§ **EXERCISE AIM**
Using the data below, transcribe exactly everything from the line that contains "Riedbergerhorn is a" down to the line that contains "Clásicos molletes servidos". Include both of those lines and none of the pictures.

§ **MATERIAL FOR THE TASK**
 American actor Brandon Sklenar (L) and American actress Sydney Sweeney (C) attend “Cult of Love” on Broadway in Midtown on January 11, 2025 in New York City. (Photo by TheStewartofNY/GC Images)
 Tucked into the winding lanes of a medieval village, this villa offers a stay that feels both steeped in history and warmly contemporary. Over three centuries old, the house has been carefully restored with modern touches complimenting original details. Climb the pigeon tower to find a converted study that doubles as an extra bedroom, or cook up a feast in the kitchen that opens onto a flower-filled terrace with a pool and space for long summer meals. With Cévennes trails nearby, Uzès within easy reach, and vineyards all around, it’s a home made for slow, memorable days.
--
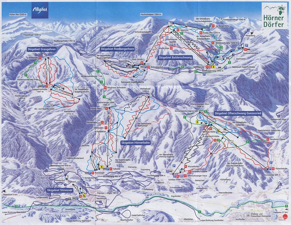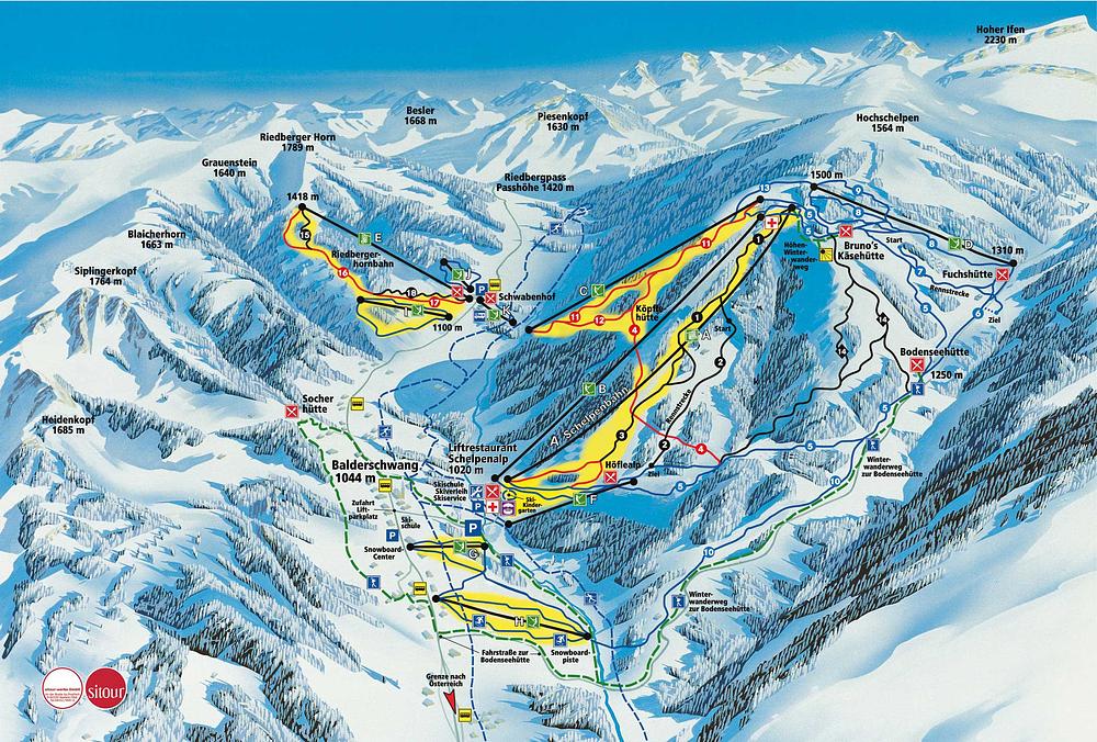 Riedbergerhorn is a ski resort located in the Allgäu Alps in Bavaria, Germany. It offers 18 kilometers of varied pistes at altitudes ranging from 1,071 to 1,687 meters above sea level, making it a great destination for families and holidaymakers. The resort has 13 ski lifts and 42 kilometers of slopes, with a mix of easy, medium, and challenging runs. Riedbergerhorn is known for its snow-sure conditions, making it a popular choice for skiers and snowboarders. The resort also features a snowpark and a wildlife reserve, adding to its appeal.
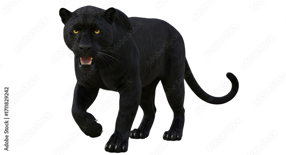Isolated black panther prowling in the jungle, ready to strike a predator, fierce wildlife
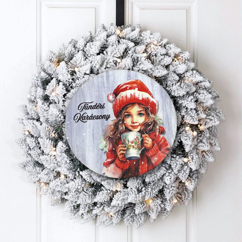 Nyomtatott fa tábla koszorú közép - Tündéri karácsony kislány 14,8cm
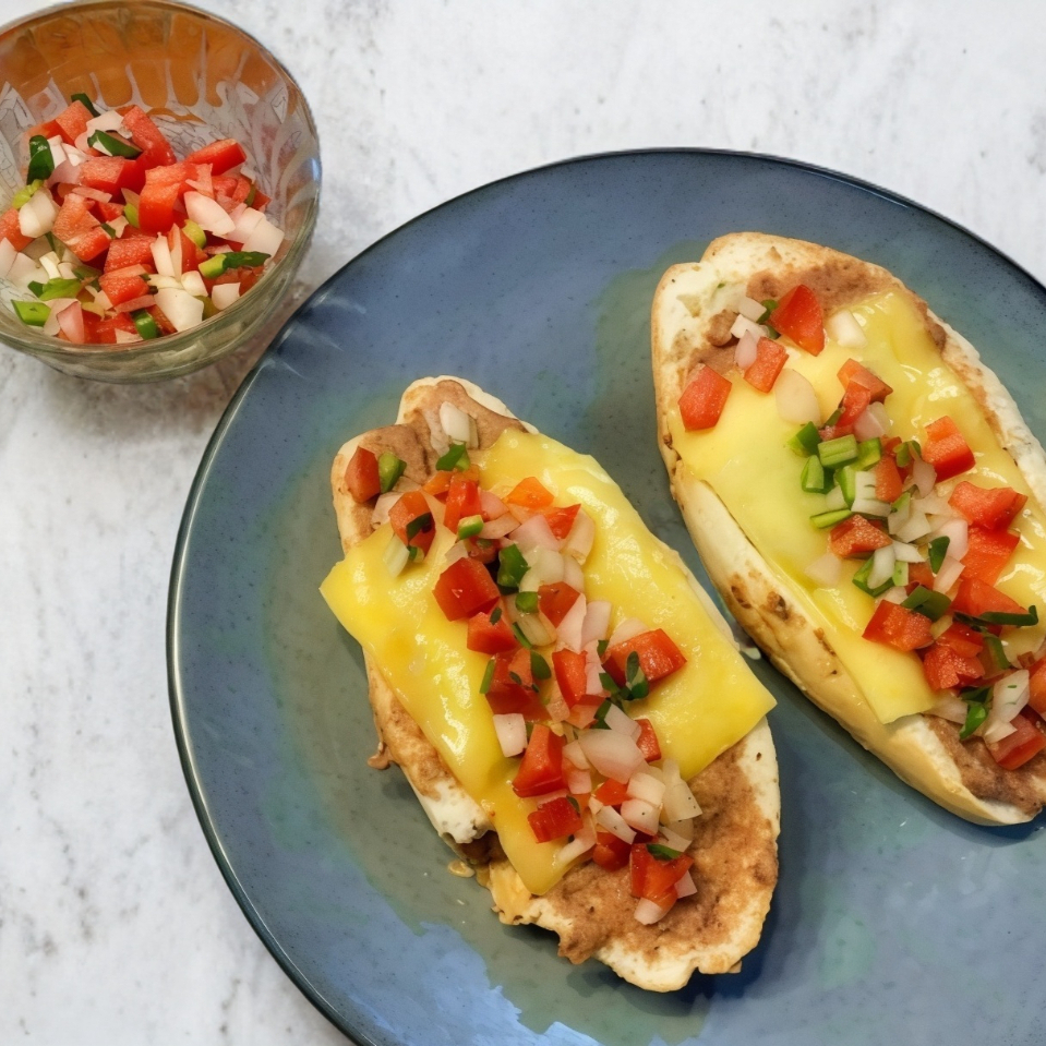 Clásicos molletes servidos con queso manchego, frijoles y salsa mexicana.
...
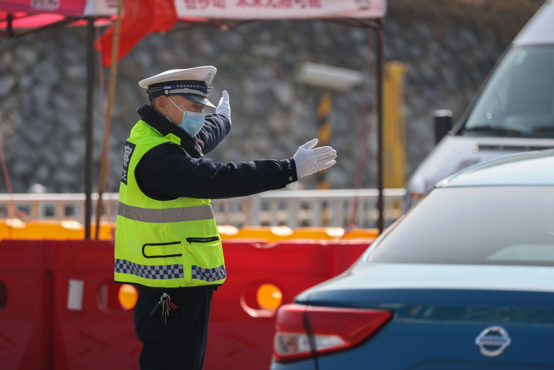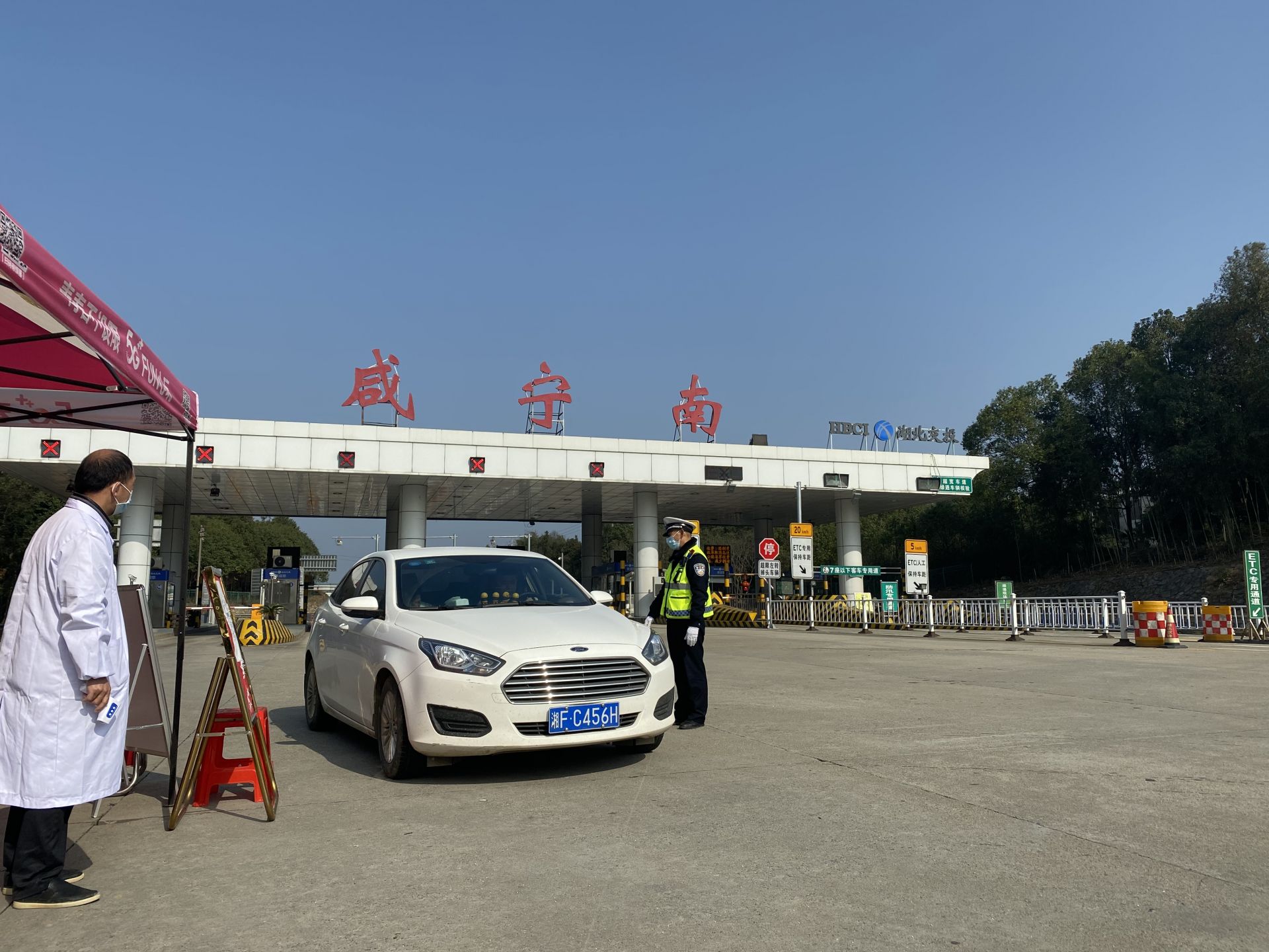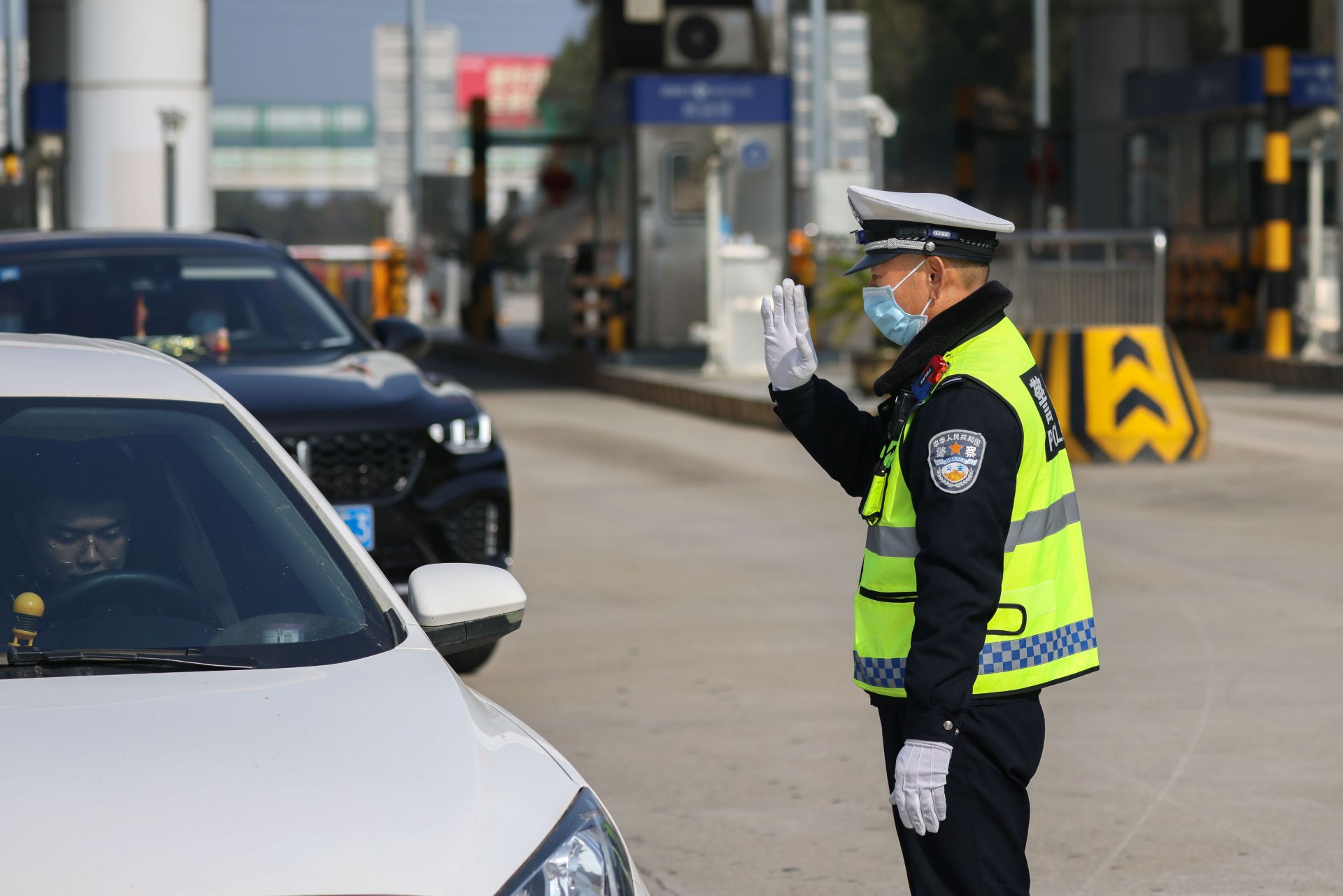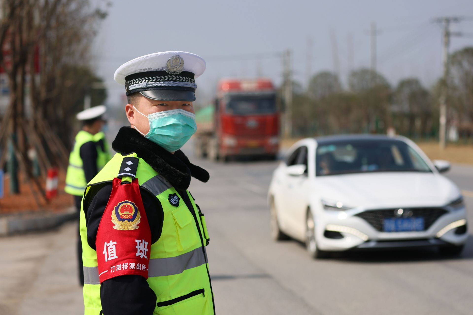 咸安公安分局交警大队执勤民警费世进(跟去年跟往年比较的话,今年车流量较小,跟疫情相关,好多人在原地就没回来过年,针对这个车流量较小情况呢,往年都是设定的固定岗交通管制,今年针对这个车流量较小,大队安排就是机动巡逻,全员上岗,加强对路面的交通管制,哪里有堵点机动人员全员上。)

§ **RESULT OF THIS EXERCISE**
 Riedbergerhorn is a ski resort located in the Allgäu Alps in Bavaria, Germany. It offers 18 kilometers of varied pistes at altitudes ranging from 1,071 to 1,687 meters above sea level, making it a great destination for families and holidaymakers. The resort has 13 ski lifts and 42 kilometers of slopes, with a mix of easy, medium, and challenging runs. Riedbergerhorn is known for its snow-sure conditions, making it a popular choice for skiers and snowboarders. The resort also features a snowpark and a wildlife reserve, adding to its appeal.
Isolated black panther prowling in the jungle, ready to strike a predator, fierce wildlife
 Nyomtatott fa tábla koszorú közép - Tündéri karácsony kislány 14,8cm
 Clásicos molletes servidos con queso manchego, frijoles y salsa mexicana.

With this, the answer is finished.